Кузнец направился по дороге дальше. Двор Падегов довольно далеко за Вайварами, за Вилкодобами и Смилтниеками. Но вот кто-то медленно едет навстречу. Серый из имения — это, верно, ключников Марч, который отвозил Криша. Мартынь стал посреди дороги и остановил его. Возница почти скорчился на дне телеги. Сразу же разглядев, что это за лихой человек, даже начал заикаться.
— Я не виноват… Бочар с конюхами его изловили. Плетюган велел, ну я и повез.
— Не бойся, я тебе ничего худого не сделаю — ты ведь не из их породы. Сильно досталось?
— Чуть живой. Вся солома в крови, выкинули даже. Да там Лавиза, уж она его подымет.
— Видишь, Марч, какие дела. Человека хуже скота считают. А что еще с нами сотворят, когда молодой барин домой приедет!..
— Говорят, отпетый бездельник. Тогда и вовсе житья не станет.

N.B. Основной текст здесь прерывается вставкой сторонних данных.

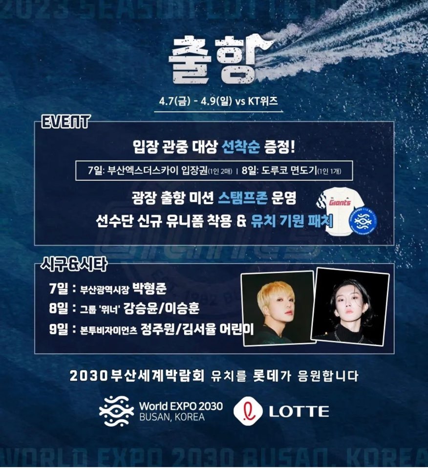 4월 9일 홈개막 마지막 날에는 부산시 초등학교 입학생 대상으로 진행되었던 '본투비 자이언츠' 정주원, 김서율 어린이가 시구자로 나선다고 합니다.

— Ну, тебе-то что, ключникову сыну, ты и сам вроде полубарин.
— Ой, Мартынь! Я бы эту полубарскую жизнь с охотой кому другому отдал. Да хоть тебе же. Кто только не помыкает: отец, эстонец, писарь, Плетюган, даже Грета, а теперь еще и немцы из Риги да каменщики. Что я им, слуга какой? Только и помыкают.
— Выжечь все это змеиное гнездо!
— Ты об этом уже давно толкуешь, а как стояло оно, так и стоит. Откуда же он возьмется, поджигатель этот? Ну, ты можешь, — а еще кто? Больше-то никого нету. Поостерегись теперь, не показывайся близко: Плетюгану велено следить, они тебя живьем сгрызут, коли попадешься в руки.
— Я не Криш. Меня живьем не возьмут.
— Я бы на твоем месте не шатался по лесу. Прямо в Ригу бы махнул, как Юрис. Ты хороший мастеровой, тебя бы там с охотой взяли.
— А Майя пусть достается Лаукову Тенису, барсуку жирному? Этого ты мне желаешь?
— Братец, да будь моя воля, я бы вам обоим самого хорошего пожелал. Да где же у меня силенка-то? И что ты сам замышляешь сделать с этой волчьей сворой?
— Как ты думаешь, что мне делать? Э, да что с тебя возьмешь, ты такой же, как и все. Но одно тебе скажу: сам еще хорошенько не знаю, что сделаю, а Майю им не оставлю. Только ты придержи язык, ни полслова, что видал меня, а то я за себя не поручусь. Теперь мне все одно, отца с матерью не пожалею.
— За меня ты не бойся, я-то буду помалкивать. Только, думаю, ничего хорошего из этого не выйдет. Может, ты бы лучше поговорил с Яном-поляком, чтоб он жалобу написал?
— В воскресенье же свадьба, А сколько до того воскресенья?
Марч тяжело вздохнул.
— Несчастный ты человек, Мартынь. Помогай тебе бог, но путного у тебя ничего не выйдет, это я наперед говорю.
— Коли так, один конец — будь что будет, не все ли равно…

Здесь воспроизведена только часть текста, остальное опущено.